Synopses & Reviews
From the author of the acclaimed national bestseller Amagansett
comes an even more remarkable novel set in the Tuscan hills: the story of two murders, four hundred years apart and the ties that bind them together.
Adam Banting, a somewhat aimless young scholar at Cambridge University, is called to his professor's office one afternoon and assigned a special summer project: to write a scholarly monograph about a famous garden built in the 1500s. Dedicated to the memory of Signor Docci's dead wife, the garden is a mysterious world of statues, grottoes, meandering rills, and classical inscriptions. But during his three-week sojourn at the villa, Adam comes to suspect that clues to a murder are buried in the strange iconography of the garden: the long-dead Signor Docci most likely killed his wife and filled her memorial garden with pointers as to both the method and the motive of his crime.
As the mystery of the garden unfolds, Adam finds himself drawn into a parallel intrigue. Through his evolving relationship with the lady of the house the ailing, seventy-something Signora Docci he finds clues to yet another possible murder, this one much more recent. The signora's eldest son was shot by Nazi officers on the third floor of the villa, and her husband, now dead, insisted that the area be sealed and preserved forever. Like the garden, the third-floor rooms are frozen in time. Delving into his subject, Adam begins to suspect that his summer project might be a setup. Is he really just the naive student, stumbling upon clues, or is Signora Docci using him to discover for herself the true meaning of the villa's murderous past?
"Two murders committed 400 years apart form the core of British author Mills's outstanding second novel (after Amagansett, which won a CWA Dagger Award). In 1958, Cambridge undergraduate Adam Strickland, who's studying a curious Tuscan Renaissance garden for his art history thesis, is equally intrigued by both the garden of the Villa Docci estate and its elderly owner, Signora Francesca Docci. Built by the villa's first owner, Federico Docci, in 1577, the garden was intended as a memorial to his wife, Flora, who died when she was only 25. In the course of his research, Adam begins to sense that events, both past and present, are not as clear-cut as they appear. In particular, he discovers that there are several versions of the death of Signora Docci's oldest son, Emilio, who was shot by the villa's German occupiers at the end of WWII. Adam is hailed by all when he comes up with a novel theory explaining Flora's death in 1548, but when he begins to speculate on Emilio's demise, he finds himself in serious danger.
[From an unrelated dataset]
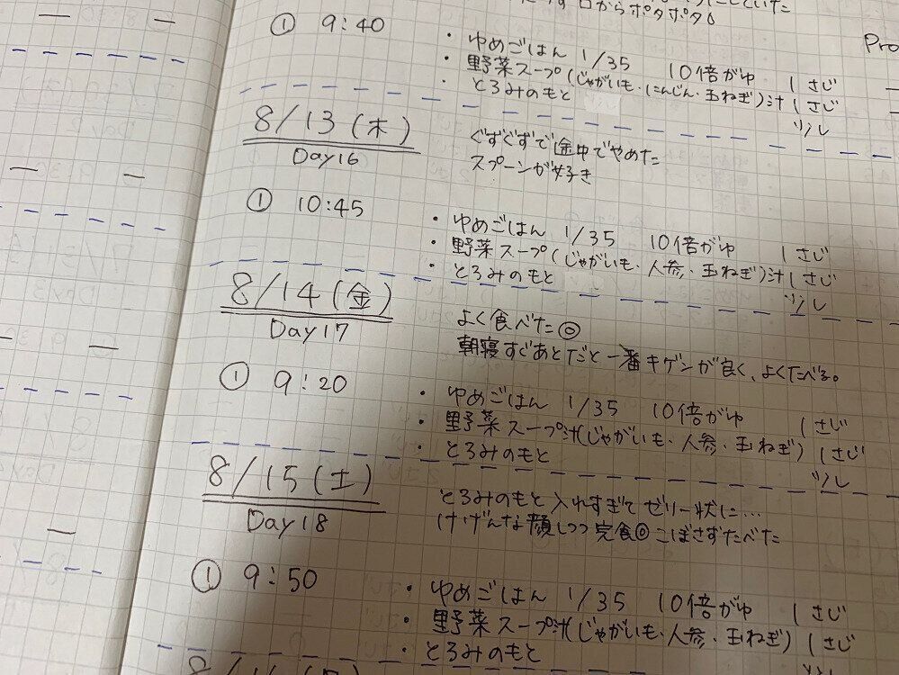 1歳くらいまでは治療用ミルク+野菜スープ。これからごはんが食べられるようになるのかあせりもあり、不安だったそう。

This engrossing literary novel, like Amagansett, deserves to be a bestseller." Publishers Weekly (Starred Review) (Copyright Reed Business Information, Inc.)
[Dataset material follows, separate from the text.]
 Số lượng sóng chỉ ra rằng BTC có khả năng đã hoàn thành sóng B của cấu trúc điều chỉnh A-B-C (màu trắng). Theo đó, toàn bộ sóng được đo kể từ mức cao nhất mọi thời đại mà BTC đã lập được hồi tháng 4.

"A murder puzzle wrapped around a literary deconstruction grounded in a perceptive study of seduction and survival. Sublime." Kirkus Reviews
"Mills follows his debut novel...with another deftly plotted and suspenseful tale full of entertaining characters and set in a marvelously sensual locale. Readers who enjoyed his first book will not be disappointed. Highly recommended." Library Journal
"This sort of jumping between historical and contemporary crimes has become commonplace...in highbrow literary thrillers, but Mills uses the technique effectively....[T]here is plenty here to captivate those who like high culture mixed with high crime (fans of Iain Pears, for example)." Booklist
Set in the Tuscan hills, this new work by the bestselling author of Amagansett is the story of two murders, 400 years apart and the ties that bind them.
Young Cambridge scholar Adam Banting is in Tuscany, assigned to write a scholarly monograph about the famous Docci gardena mysterious world of statues, grottoes, meandering rills, and classical inscriptions. As his research deepens, Adam comes to suspect that buried in the gardens strange iconography is the key to uncovering a long-ago murder. But the ancient house holds its own secrets as well. And as Adam delves into his subject, he begins to suspect that he is being used to discover the true meaning of the villas murderous past.
About the Author
Mark Mills is a screenwriter whose first novel, Amagansett, was published in a dozen countries and received the British Crime Writers' Association John Creasey Memorial Dagger Award. A graduate of Cambridge University, he lives in Oxford with his wife and two children.